**TRY IT**:
Copy the data exactly as it appears, and do not include any pictures.

**PROVIDED MATERIAL**:
-*-

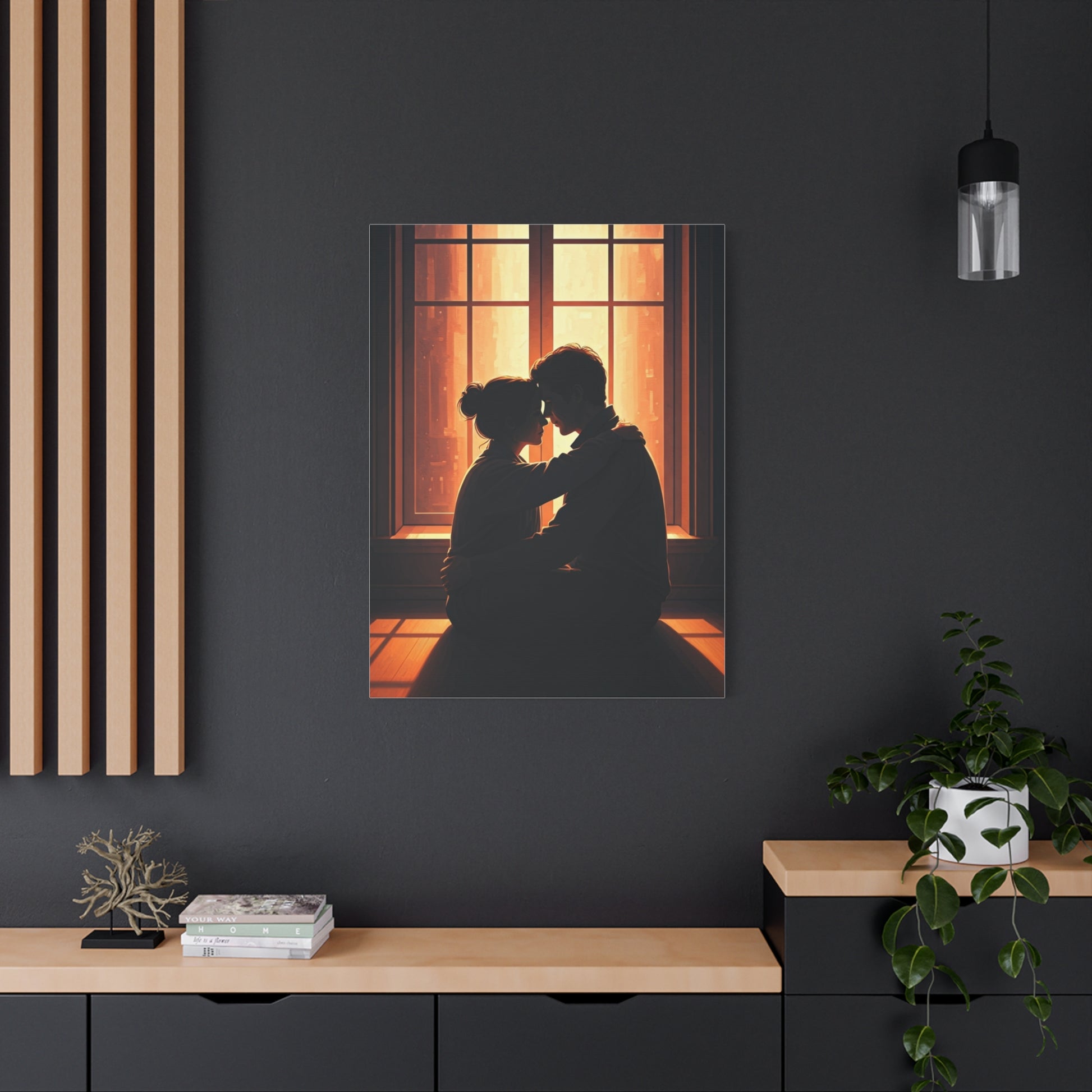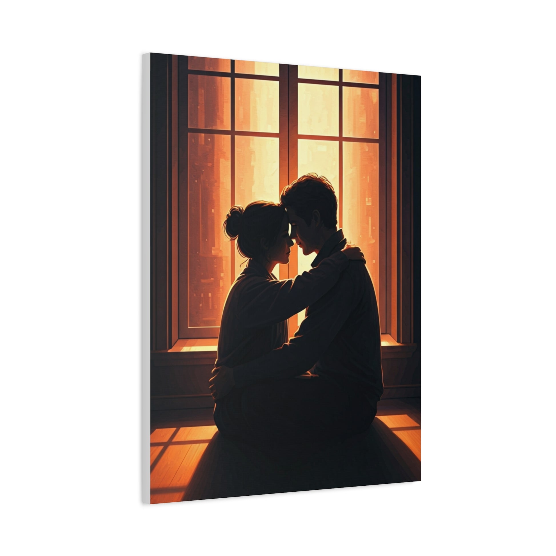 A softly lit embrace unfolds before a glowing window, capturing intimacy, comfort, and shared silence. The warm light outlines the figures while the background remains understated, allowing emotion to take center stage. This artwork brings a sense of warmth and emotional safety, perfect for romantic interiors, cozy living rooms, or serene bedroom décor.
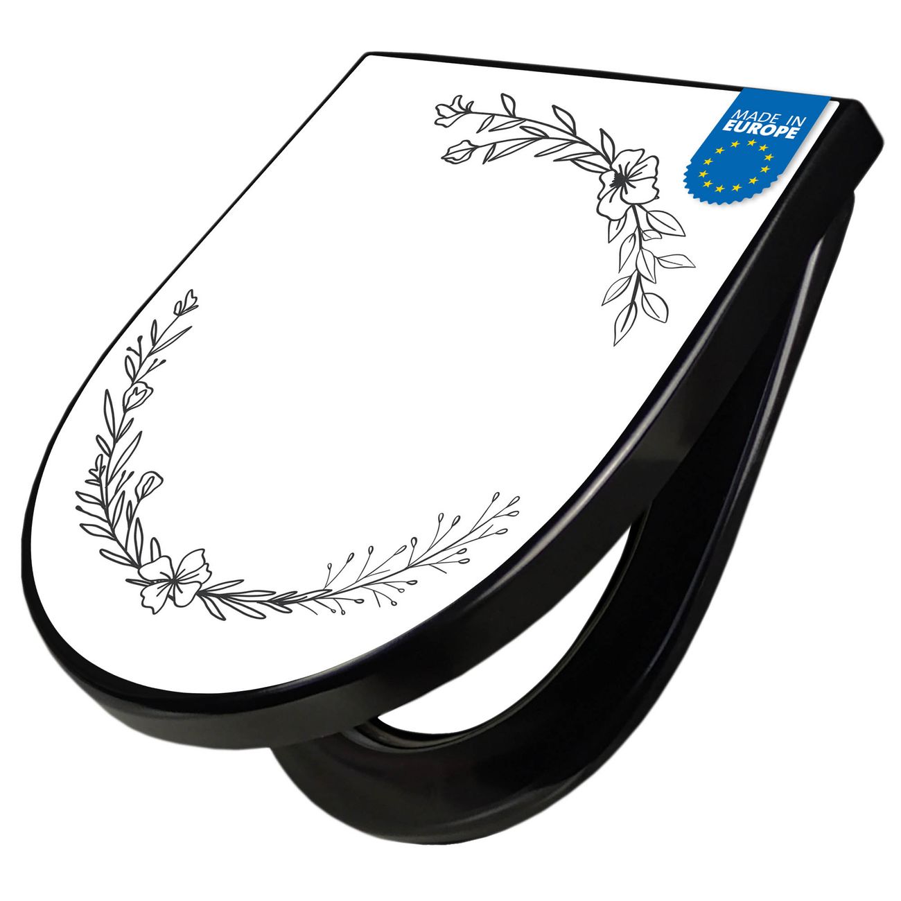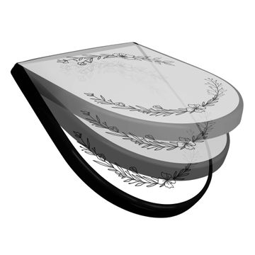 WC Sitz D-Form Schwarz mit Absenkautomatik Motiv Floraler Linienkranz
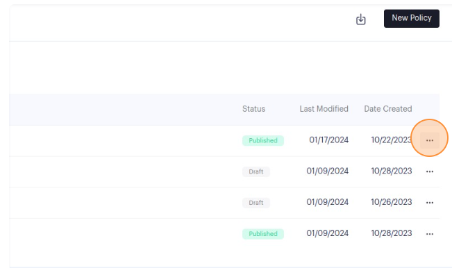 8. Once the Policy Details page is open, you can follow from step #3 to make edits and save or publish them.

-*-

**SOLUTION BELOW**:
 A softly lit embrace unfolds before a glowing window, capturing intimacy, comfort, and shared silence. The warm light outlines the figures while the background remains understated, allowing emotion to take center stage. This artwork brings a sense of warmth and emotional safety, perfect for romantic interiors, cozy living rooms, or serene bedroom décor.
 WC Sitz D-Form Schwarz mit Absenkautomatik Motiv Floraler Linienkranz
 8. Once the Policy Details page is open, you can follow from step #3 to make edits and save or publish them.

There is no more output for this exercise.